Kalpana Pathak  |  Mumbai 

Almost four years after the government had mandated that ethanol should be blended in a 5 per cent proportion with petrol to be sold in the country, the programme has met with only 58 per cent success so far mainly due to pricing issue.

Consider this: The three oil marketing companies (OMCs) — Indian Oil Corporation (IOC), Bharat Petroleum Corporation (BPCL) and Hindustan Petroleum Corporation (HPCL) — have, till April 2009, procured 5,39,352 kilo litres (kl) of ethanol against orders for delivery of 1,286,477 kl. These companies had signed contracts to procure a total quantum of 1,496,275 kl of ethanol during this period, according to Ethanol India Research, an independent research organisation.

The government had in November 2006 mandated that ethanol-blended petrol should be sold throughout India, except in North-Eastern states and Jammu and Kashmir, to reduce emission.

Subsequently, it stipulated that the amount of ethanol in petrol might be optionally ramped up to 10 per cent from October 2007 and made compulsory with effect from October 2008.

Ethanol-blended fuels were to reduce emissions and cut down India’s oil bill. Ethanol blends dramatically reduce hydrocarbons emissions — a major ozone layer depletor.

“Over the past three years, several states have failed to implement the original plan. States like West Bengal, Tamil Nadu, Kerala, Madhya Pradesh, Jharkhand, Orissa and Bihar took time to actively support the movement and are still not taking it seriously,” said Deepak Desai, chief consultant of Business Brains, a division of Ethanol India Research.

Desai also attributes the imbalance in procurement to uneven pricing of ethanol.

“Prices of molasses have risen above Rs 5,000 per tonne, making ethanol manufacturing not feasible and the supply was directed to potable and industrial alcohol. Some suppliers, specifically in Maharashtra and Gujarat, were contracted below the base price of Rs 21.50 a litre (Rs 19.50 a litre), where even Rs 21.50 was not feasible,” says Desai.

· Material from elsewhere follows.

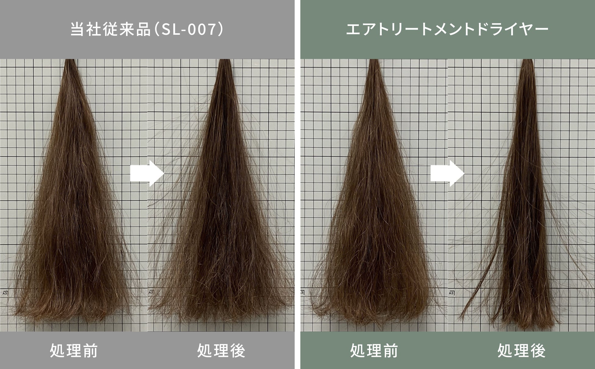*3 株式会社消費科学研究所による測定 (当社従来品 SL-007 との比較) ダメージ処理と本製品での試験品処理を施した毛束と、ダメージ処理と比較品(SL-007) での試験品処理を施した毛束による、毛髪の広がりを比較。SAL24211:GLOSS モード、SL-007:Hight。使用環境(温度・湿度など)や個人差で効果は異なります。

The price to buy ethanol for blending was set by the government at Rs 21.5 per litre in the tenders floated in 2006. However, the price declared by the agriculture ministry was Rs 27 per litre. The market price of ethanol currently is Rs 50-55 per litre (it was Rs 40-45 per litre in 2006).

During the year 2008-09, ethanol supply was short in the states of Maharashtra (77 per cent), Gujarat (59 per cent), Rajasthan (62 per cent), Bihar (47 per cent), Madhya Pradesh (94 per cent) and Andhra Pradesh (60 per cent).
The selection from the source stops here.